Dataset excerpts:
+-------+

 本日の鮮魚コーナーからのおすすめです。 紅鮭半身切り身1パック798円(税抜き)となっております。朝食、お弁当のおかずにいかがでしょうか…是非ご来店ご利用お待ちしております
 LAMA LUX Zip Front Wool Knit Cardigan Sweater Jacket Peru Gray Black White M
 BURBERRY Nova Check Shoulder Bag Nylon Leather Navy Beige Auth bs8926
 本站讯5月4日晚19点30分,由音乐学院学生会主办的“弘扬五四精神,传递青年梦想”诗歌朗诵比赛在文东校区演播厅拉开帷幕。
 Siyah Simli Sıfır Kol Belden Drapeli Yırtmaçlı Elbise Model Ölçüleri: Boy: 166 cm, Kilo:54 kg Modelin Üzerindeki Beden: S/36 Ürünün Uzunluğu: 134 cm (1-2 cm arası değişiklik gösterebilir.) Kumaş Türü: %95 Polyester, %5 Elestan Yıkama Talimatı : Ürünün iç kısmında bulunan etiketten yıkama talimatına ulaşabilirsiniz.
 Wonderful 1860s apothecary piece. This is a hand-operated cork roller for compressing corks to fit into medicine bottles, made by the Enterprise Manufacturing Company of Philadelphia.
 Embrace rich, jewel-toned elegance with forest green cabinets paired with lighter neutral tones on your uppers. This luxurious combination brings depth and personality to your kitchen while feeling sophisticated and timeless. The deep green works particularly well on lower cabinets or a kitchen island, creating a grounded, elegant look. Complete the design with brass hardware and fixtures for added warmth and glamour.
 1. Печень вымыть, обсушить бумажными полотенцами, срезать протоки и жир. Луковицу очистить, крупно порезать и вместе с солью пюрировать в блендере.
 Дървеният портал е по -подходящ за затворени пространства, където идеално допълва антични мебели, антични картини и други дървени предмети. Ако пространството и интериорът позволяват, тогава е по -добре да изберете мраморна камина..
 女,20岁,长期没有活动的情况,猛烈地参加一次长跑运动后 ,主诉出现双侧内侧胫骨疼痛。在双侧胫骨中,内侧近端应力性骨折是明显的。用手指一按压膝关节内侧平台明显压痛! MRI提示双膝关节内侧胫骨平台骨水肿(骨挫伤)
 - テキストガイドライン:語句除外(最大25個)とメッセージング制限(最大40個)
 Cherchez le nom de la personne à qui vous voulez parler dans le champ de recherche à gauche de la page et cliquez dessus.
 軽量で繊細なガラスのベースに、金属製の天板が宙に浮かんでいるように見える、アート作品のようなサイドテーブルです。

+-------+

● WHAT YOU NEED TO DO:
Go through the data above from its first line and copy each line exactly, stopping once the line with "1. Печень вымыть, обсушить" has been copied.

● WRITTEN SOLUTION:
 本日の鮮魚コーナーからのおすすめです。 紅鮭半身切り身1パック798円(税抜き)となっております。朝食、お弁当のおかずにいかがでしょうか…是非ご来店ご利用お待ちしております
 LAMA LUX Zip Front Wool Knit Cardigan Sweater Jacket Peru Gray Black White M
 BURBERRY Nova Check Shoulder Bag Nylon Leather Navy Beige Auth bs8926
 本站讯5月4日晚19点30分,由音乐学院学生会主办的“弘扬五四精神,传递青年梦想”诗歌朗诵比赛在文东校区演播厅拉开帷幕。
 Siyah Simli Sıfır Kol Belden Drapeli Yırtmaçlı Elbise Model Ölçüleri: Boy: 166 cm, Kilo:54 kg Modelin Üzerindeki Beden: S/36 Ürünün Uzunluğu: 134 cm (1-2 cm arası değişiklik gösterebilir.) Kumaş Türü: %95 Polyester, %5 Elestan Yıkama Talimatı : Ürünün iç kısmında bulunan etiketten yıkama talimatına ulaşabilirsiniz.
 Wonderful 1860s apothecary piece. This is a hand-operated cork roller for compressing corks to fit into medicine bottles, made by the Enterprise Manufacturing Company of Philadelphia.
 Embrace rich, jewel-toned elegance with forest green cabinets paired with lighter neutral tones on your uppers. This luxurious combination brings depth and personality to your kitchen while feeling sophisticated and timeless. The deep green works particularly well on lower cabinets or a kitchen island, creating a grounded, elegant look. Complete the design with brass hardware and fixtures for added warmth and glamour.
 1. Печень вымыть, обсушить бумажными полотенцами, срезать протоки и жир. Луковицу очистить, крупно порезать и вместе с солью пюрировать в блендере.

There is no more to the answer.